This code checks that each expected sensor is present in every sample. If a sensor data field is missing, it prints a message (indicating a potential conversion issue causing a blind spot). It also checks sensor timestamp vs. frame timestamp; if the difference exceeds max_sync_tolerance, it flags a synchronization issue. In a correctly converted dataset, we expect each frame to have all sensors present and timestamps closely aligned (often exactly the same timestamp for all modalities if the data were captured simultaneously).

# Step 3: LiDAR-to-Image Projection Alignment (Extrinsic Calibration Check)

What to check: 

 Project the 3D LiDAR points into the 2D camera image and verify they align with the visual scene (i.e., points fall on the corresponding objects in the image).

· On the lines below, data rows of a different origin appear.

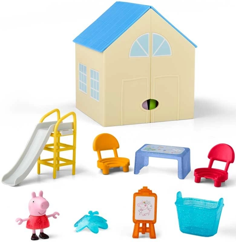 V kompletu je premična figurica Pepe, visoka 7,5 cm, ki lahko sedi na stolčkih, nosi masko in se spušča po toboganu. Zahvaljujoč praktičnemu zapiranju je mogoče po igri vse dele pospraviti v notranjost, tako da se nič ne izgubi.
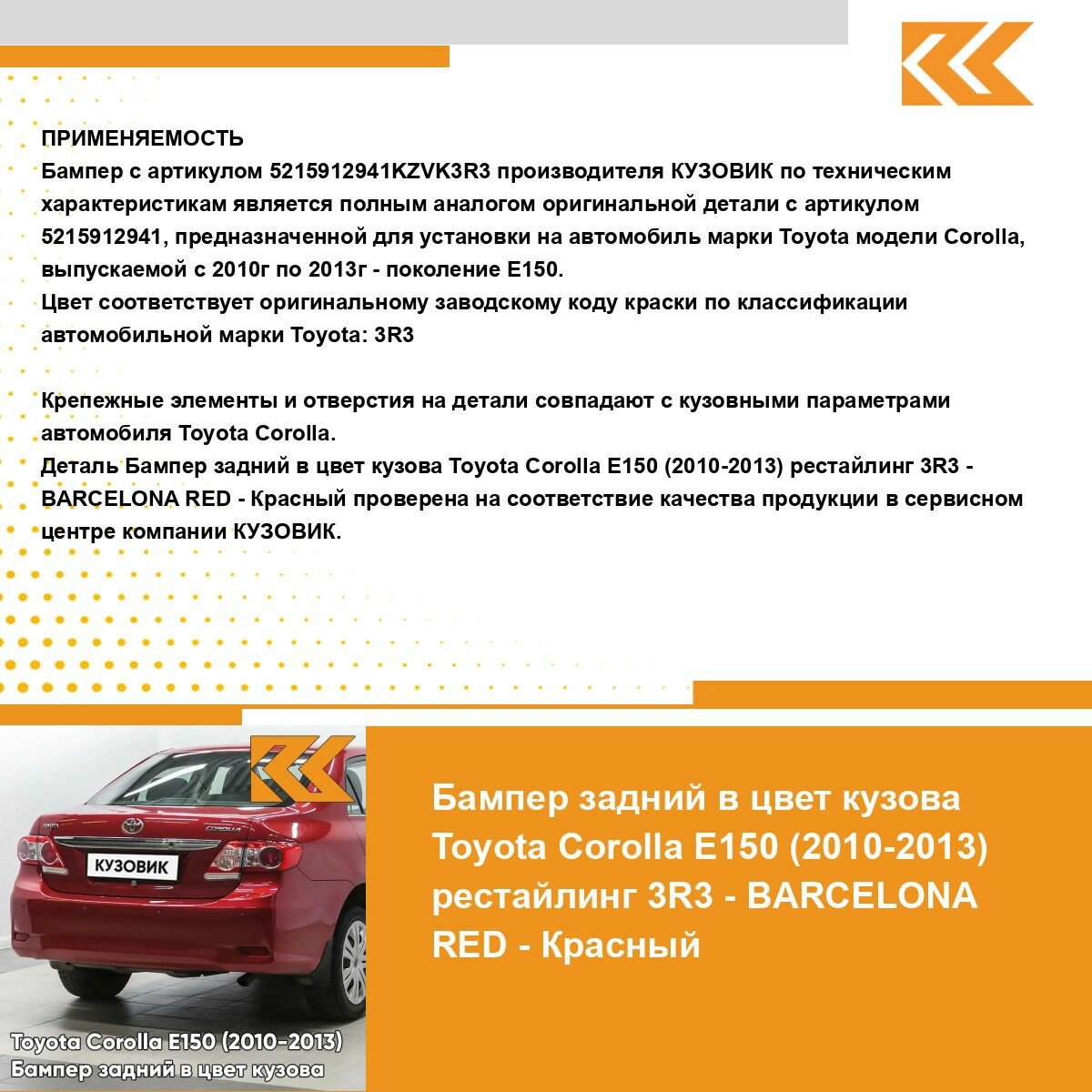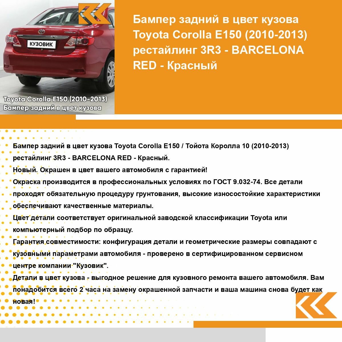 Ниже Вы можете прочитать отзывы на Бампер задний в цвет кузова для Тойота Королла Е150 Toyota Corolla E150 (2010-2013) рестайлинг 3R3 - BARCELONA RED - Красный, ознакомится с подробными характеристиками, посмотреть интересные обзоры и фотографии на Бампер задний в цвет кузова для Тойота Королла Е150 Toyota Corolla E150 (2010-2013) рестайлинг 3R3 - BARCELONA RED - Красный.
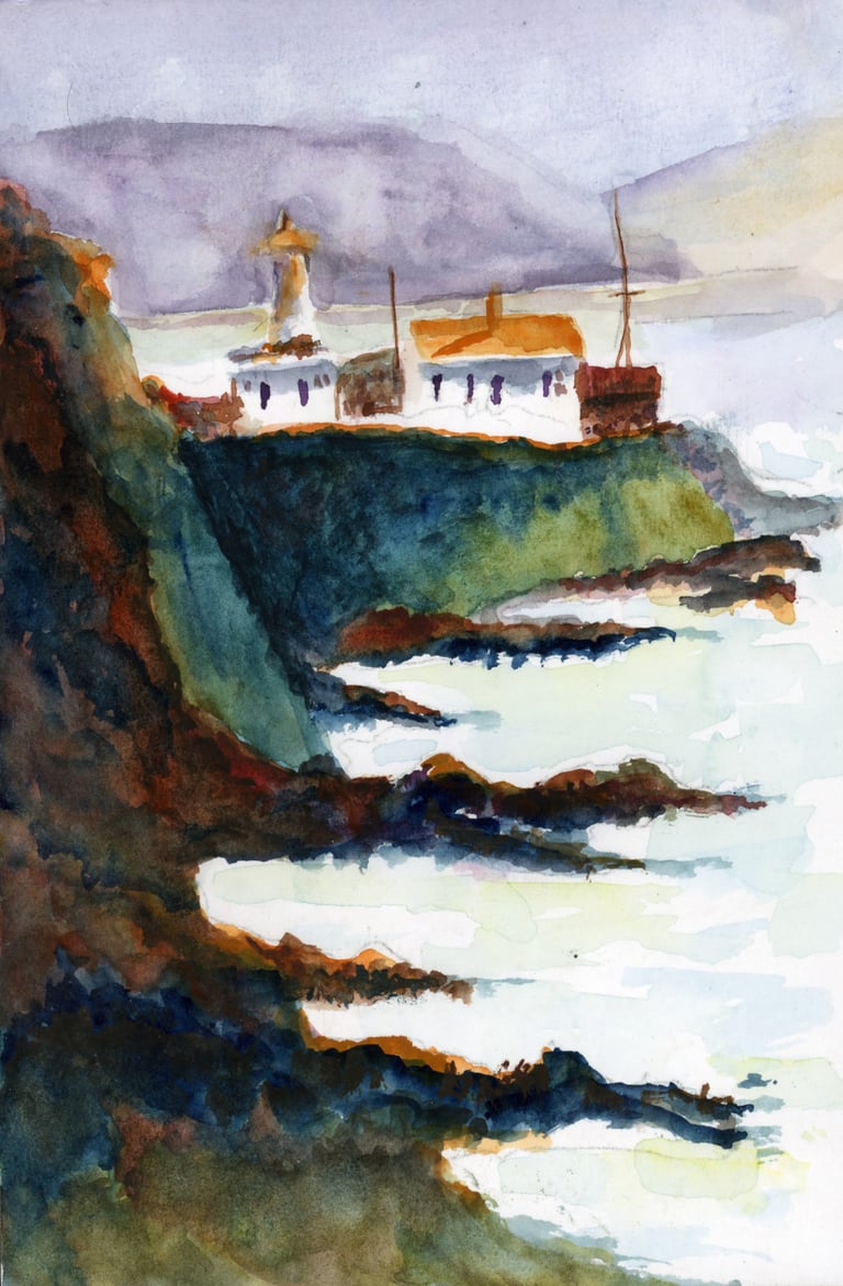 Lighthouse on Coast $80 6 X 8 in Watercolor Unframed
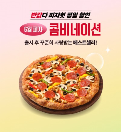 6월 ‘반값다 피자헛’ 프로모션은 클래식한 매력으로 오랜기간 사랑받고 있는 피자헛의 스테디셀러 ‘콤비네이션 피자’를 6월 평일 반값 혜택 대상으로 채택했다. ‘콤비네이션 피자’는 다양한 고기 토핑과 신선한 야채가 조화롭게 어우러져, 다양한 소비자 취향을 만족시킬 수 있을 것으로 기대된다.
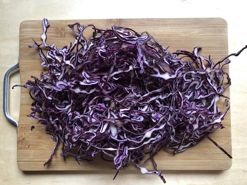 • Die äußeren Blätter des Rotkohls entfernen, gründlich unter fließendem Wasser waschen, mit Küchenpapier trocken tupfen und in feine Streifen schneiden. Für die Bequemlichkeit habe ich den Allesschneider benutzt, aber man kann es problemlos auch mit einem Messer machen.
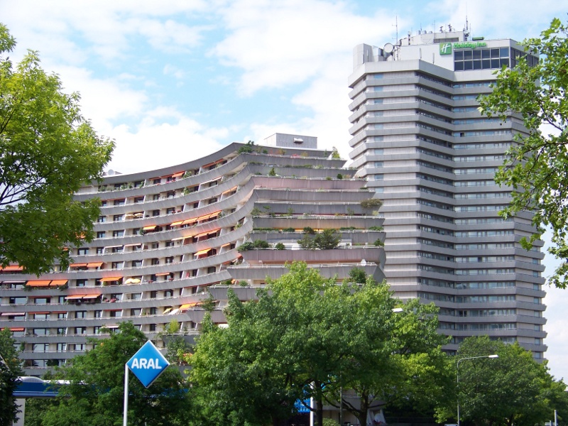 Im weiteren Verlauf unseres Spaziergangs treffen wir — nun wieder bergab und damit stadteinwärts — an der Darmstädter Landstraße auf große Wohneigentums-Anlagen, den sogenannten „Sonnenhügel", das Hotel „Holiday Inn" und den „Sonnenring", die zu Beginn der siebziger Jahre gegenüber dem Südfriedhof errichtet wurden. Der besondere Reiz dieser Anlagen liegt weniger in der architektonischen Qualität als vielmehr im grandiosen Blick von dort hinunter auf Frankfurt.
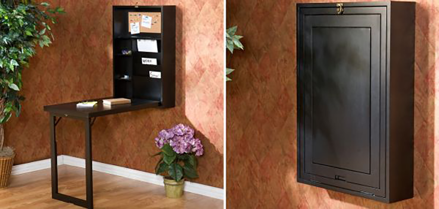 ดูเผินๆ เวลาไม่ได้กางออกมา จะดูเหมือนตู้ยา แต่ความจริงแล้วคือโต๊ะทำงานเล็กๆ ที่พับเข้าออกได้ ถือว่ากินพื้นที่น้อยมากๆ สำหรับห้องเล็กๆ ที่ไม่อยากวางโต๊ะเขียนหนังสือให้เกะกะพื้นที่

This checks that the LiDAR–camera extrinsic calibration (and the camera intrinsics) are correctly applied in the conversion. In practice, you overlay the point cloud on the image and see if, for example, points hit the surfaces of vehicles, pedestrians, and road in the image, rather than being offset. 
 
Why it’s important: 

 Misalignments between LiDAR and camera indicate calibration errors or coordinate transform issues. If the transformation from LiDAR coordinates to camera coordinates is wrong, the projected points will not correspond to the correct image features. For instance, a misplaced rotation or translation could cause LiDAR points to appear shifted (e.g., hovering beside the actual object). Visualizing LiDAR over images is a common sanity check – misprojections can reveal calibration or time-sync problems. [In research literature](https://www.researchgate.net/figure/Examples-of-projecting-lidar-points-to-images-before-top-row-and-after-bottom-row_fig1_339813627), it’s noted that misalignment of lidar points and image features will be clearly visible if calibration is off or if motion distortion isn’t handled 
 
How to check: 

 Use the known calibration parameters to transform LiDAR points to the camera frame and then apply the camera intrinsics to project to pixel coordinates. Then, visualize or statistically verify alignment. Using FiftyOne, one can write a custom loop or use utility functions if available. Below is an example using open3d and opencv to project points onto an image. We assume we have the camera intrinsic matrix K and a 4x4 homogeneous transform T_lidar_to_cam for the extrinsics (from LiDAR frame to camera frame):

In [None]:
import numpy as np
import open3d as o3d
import matplotlib.pyplot as plt
from PIL import Image
from pyquaternion import Quaternion



def transform_points(points, transform):
    points_hom = np.hstack((points, np.ones((points.shape[0], 1))))
    
    if not np.all(np.isfinite(points_hom)):
        raise ValueError("Non-finite values in homogeneous points.")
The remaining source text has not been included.